#### [Required work]
Exactly as written, reproduce the lines from the beginning of the data through the line containing "All’estremo opposto c’è"; the pictures are not reproduced.

#### [Data shown]
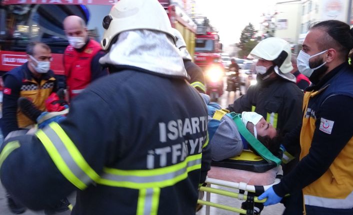 Isparta’da bir işyerinde yük asansörünün düşmesi sonucu 2 kişi yaralanırken, sağlık ekipleri yaralılardan birinin ilk müdahalesini düştüğü yerde yaptı.
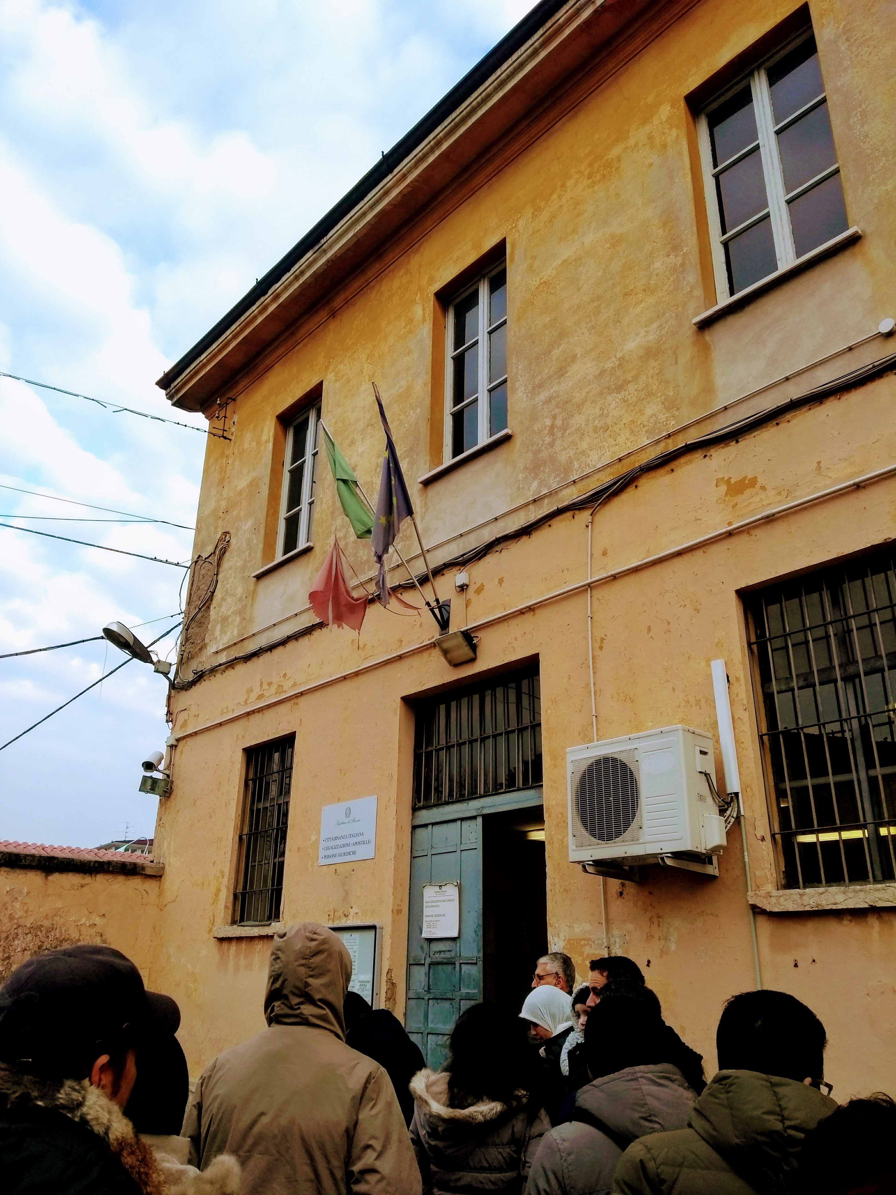 La Prefettura di Brescia, is an old, barely-repurposed military barracks which supposedly houses an office of the Ministry of the Interior. Surrounded by a high brick wall, we immigrants must line up outside, next to a busy road, at least an hour in advance of their opening, for they only entertain office hours for three days a week, three hours at a time. Similar to the Questura, there are about fifteen people here before us, and many attempts at newcomers to jump the line.
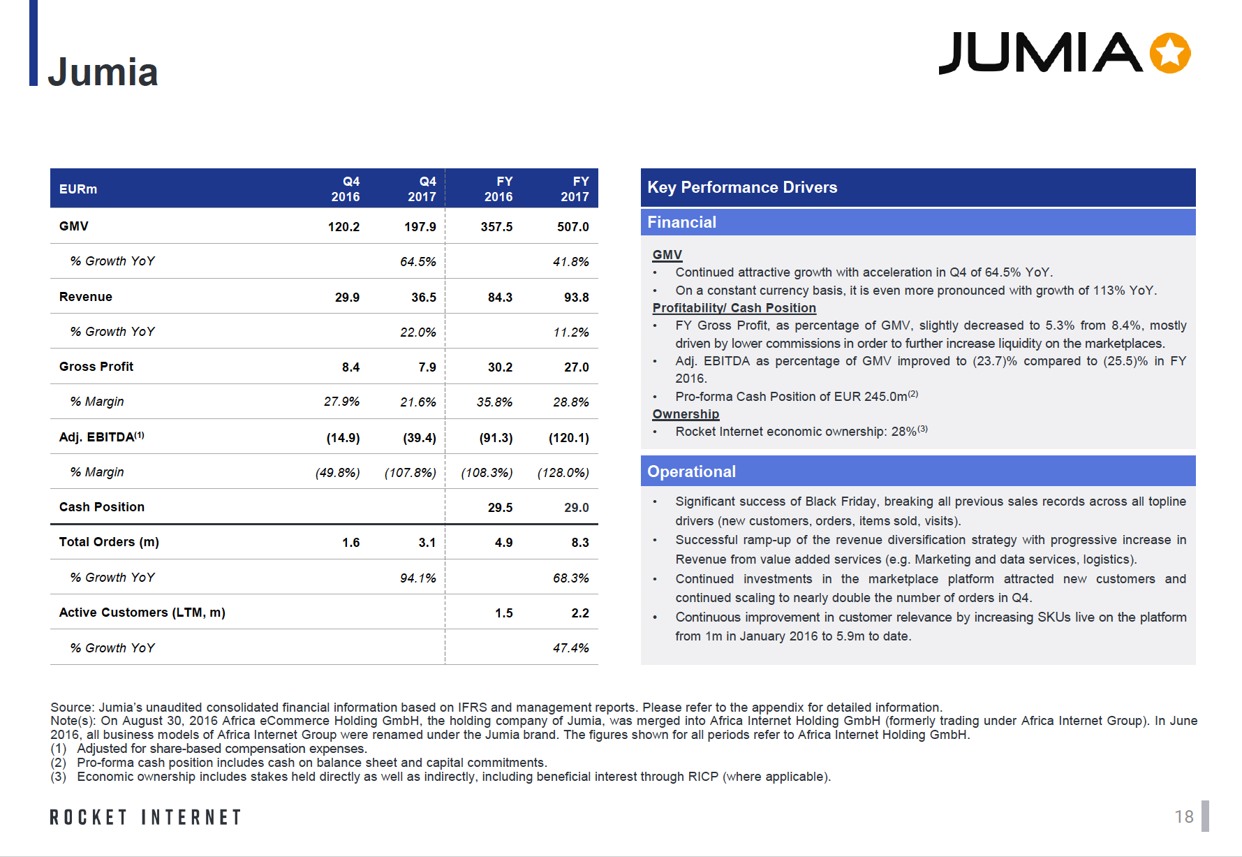 Jumia has raised $767m from some notable investors including MTN, Millicom. CDC. Axa.
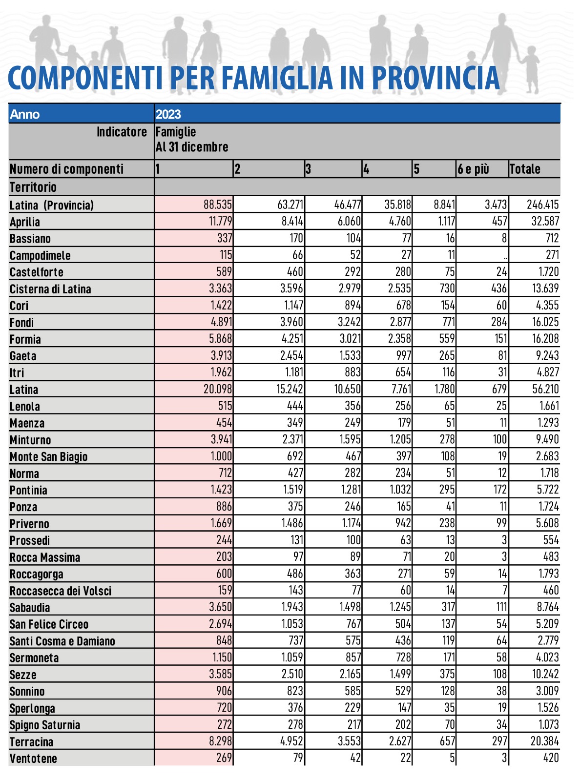 All’estremo opposto c’è un’altra provincia. Cisterna di Latina si ferma al 24,65% di famiglie mononucleo. Pontinia al 24,86%. Spigno Saturnia al 25,34%. Sermoneta al 28,58%. Priverno al 29,76%.
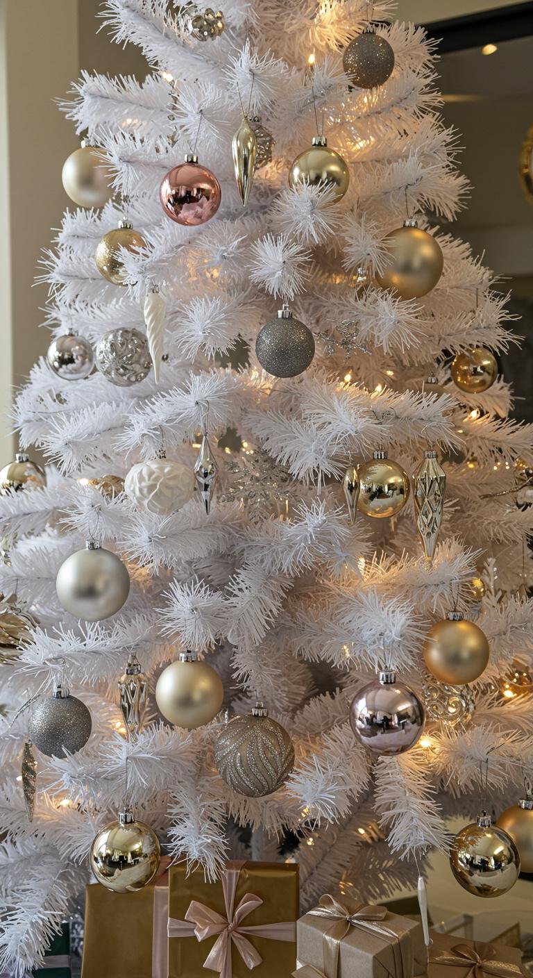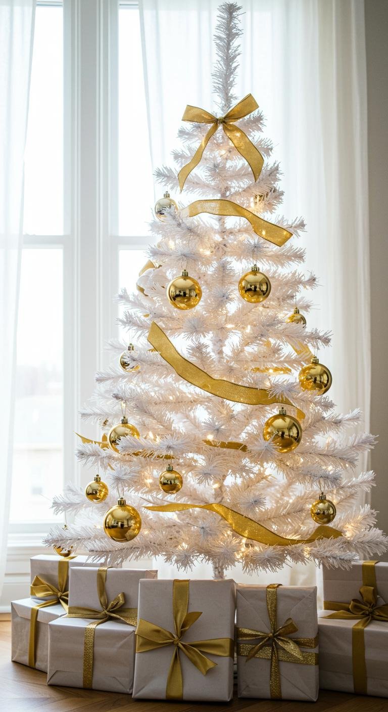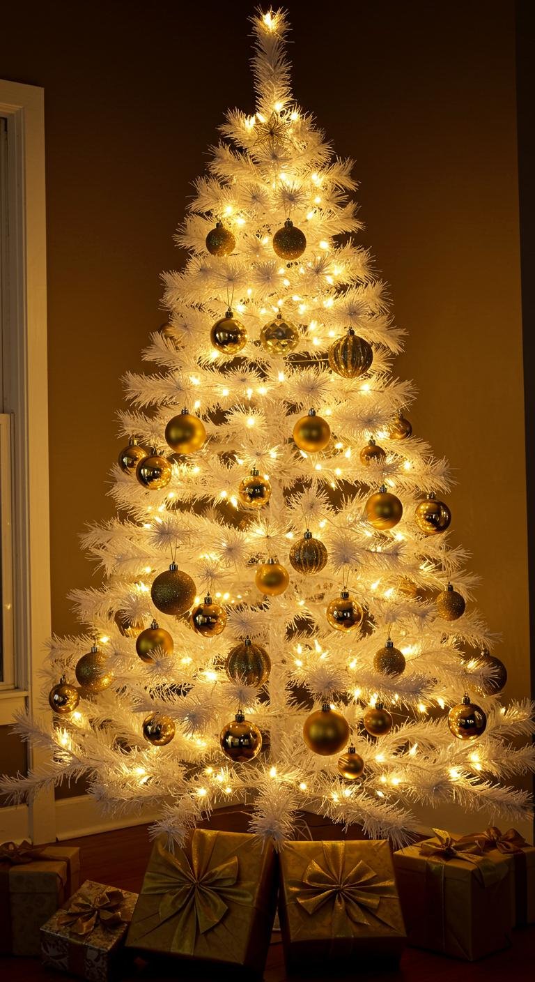 Lighting can totally make or break your holiday mood, right? On a white tree, golden lights feel like warm hugs all around. Wrapping those warm white string lights snugly over your branches adds instant coziness. But here’s the fun part—throw in some multicolored lights for a pop of playful contrast that makes the whole scene inviting and festive. LED lights are affordable and flexible, so you can switch it up any year without fuss. Pair those twinkling lights with shiny gold ornaments, and bam—you’ve got real holiday magic happening.

#### [Reply]
 Isparta’da bir işyerinde yük asansörünün düşmesi sonucu 2 kişi yaralanırken, sağlık ekipleri yaralılardan birinin ilk müdahalesini düştüğü yerde yaptı.
 La Prefettura di Brescia, is an old, barely-repurposed military barracks which supposedly houses an office of the Ministry of the Interior. Surrounded by a high brick wall, we immigrants must line up outside, next to a busy road, at least an hour in advance of their opening, for they only entertain office hours for three days a week, three hours at a time. Similar to the Questura, there are about fifteen people here before us, and many attempts at newcomers to jump the line.
 Jumia has raised $767m from some notable investors including MTN, Millicom. CDC. Axa.
 All’estremo opposto c’è un’altra provincia. Cisterna di Latina si ferma al 24,65% di famiglie mononucleo. Pontinia al 24,86%. Spigno Saturnia al 25,34%. Sermoneta al 28,58%. Priverno al 29,76%.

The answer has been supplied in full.